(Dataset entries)
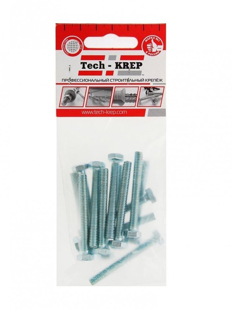 Болт DIN933 с шестигранной головкой оцинк. М6х60 (10 шт) - пакет Tech-Krep
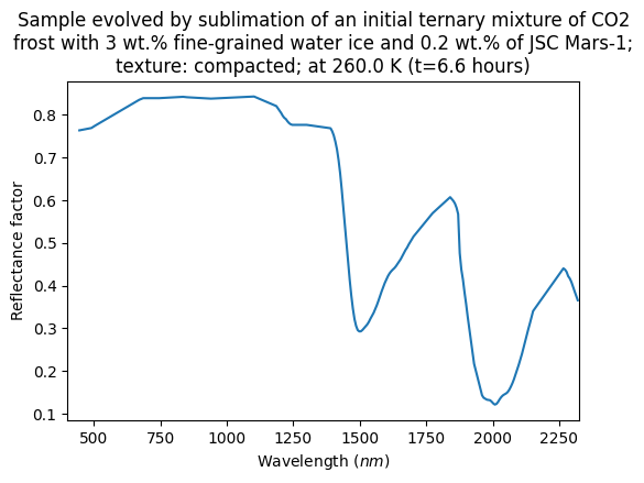- Yoldi, Zuriñe (2018): VIS-NIR reflectance spectra collected during a sublimation experiment with ternary mixtures of CO2 frost, spherical water ice particles and JSC Mars-1 regolith simulant. SSHADE/BYPASS (OSUG Data Center). Dataset/Spectral Data. https://doi.org/10.26302/SSHADE/EXPERIMENT_ZY_20180207_000
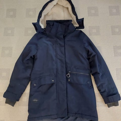 Takin hyvät ominaisuudet: heijastavia haituvia karvakaulushupussa turvallisuuden vuoksi, suojatut vetoketjut, korkea kaulus suojaamaan tuulelta ja "kämmensormikkaat" käsiaukoissa.
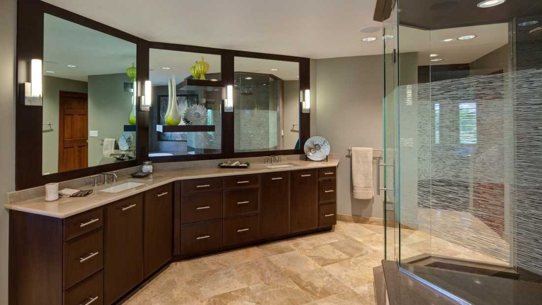 - При большой площади, установка двух угловых пеналов, между которыми расположены раковины, тоже является удачным решением.
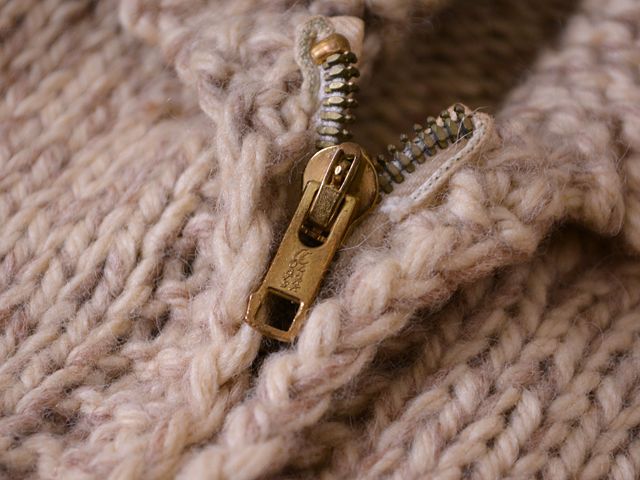 ギュッと目の詰まったずっしりとした肉厚感のあるハンドニットが古さを感じる一枚です。
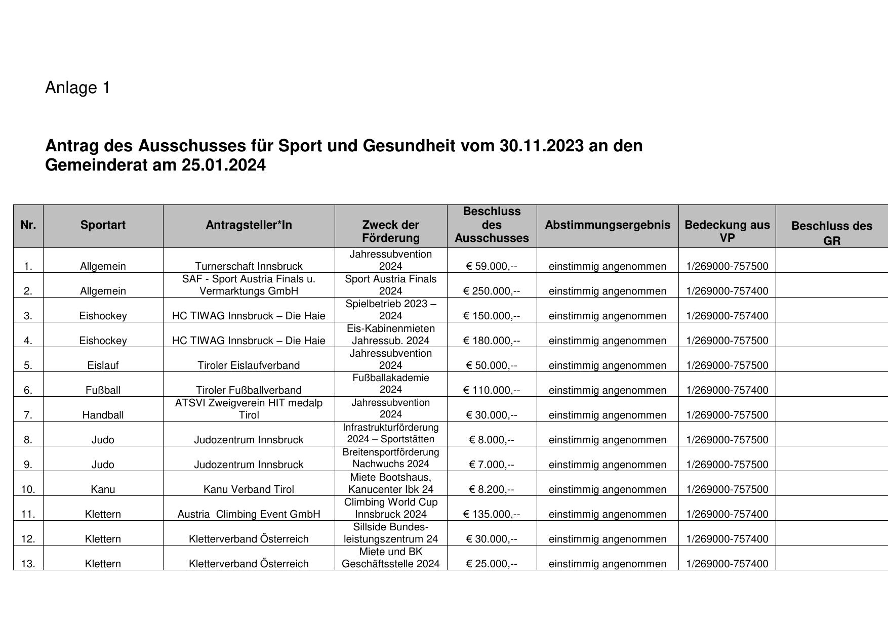 Antrag des Ausschusses für Sport und Gesundheit vom 30.11.2023 an den
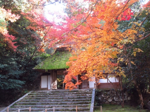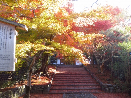 疎水沿いの哲学の道を進み、安楽寺です。まだ開門前で人が入ってない写真が撮れましたが、たくさんの人が写真を撮っていました。階段に積もっている赤い落ち葉がきれいです。
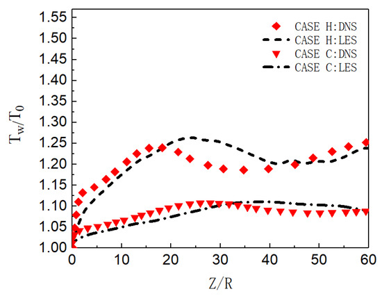 Firstly, the time-averaged results of LES and DNS are compared, as shown in Figure 6. For both cases, the wall temperature is relatively close along the streamwise direction. Although there is a certain deviation in the distribution of wall temperature along the flow direction, it is considered that the different setting methods of inlet boundary may lead to a difference of turbulence intensity in the two flow fields, which affects the heat transfer.

▶ _Exercise details_:
Word for word, output the lines from the line bearing "疎水沿いの哲学の道を進み、安" through the end of the records above, and only those, without the pictures.

▶ _Problem solution_:
 疎水沿いの哲学の道を進み、安楽寺です。まだ開門前で人が入ってない写真が撮れましたが、たくさんの人が写真を撮っていました。階段に積もっている赤い落ち葉がきれいです。
 Firstly, the time-averaged results of LES and DNS are compared, as shown in Figure 6. For both cases, the wall temperature is relatively close along the streamwise direction. Although there is a certain deviation in the distribution of wall temperature along the flow direction, it is considered that the different setting methods of inlet boundary may lead to a difference of turbulence intensity in the two flow fields, which affects the heat transfer.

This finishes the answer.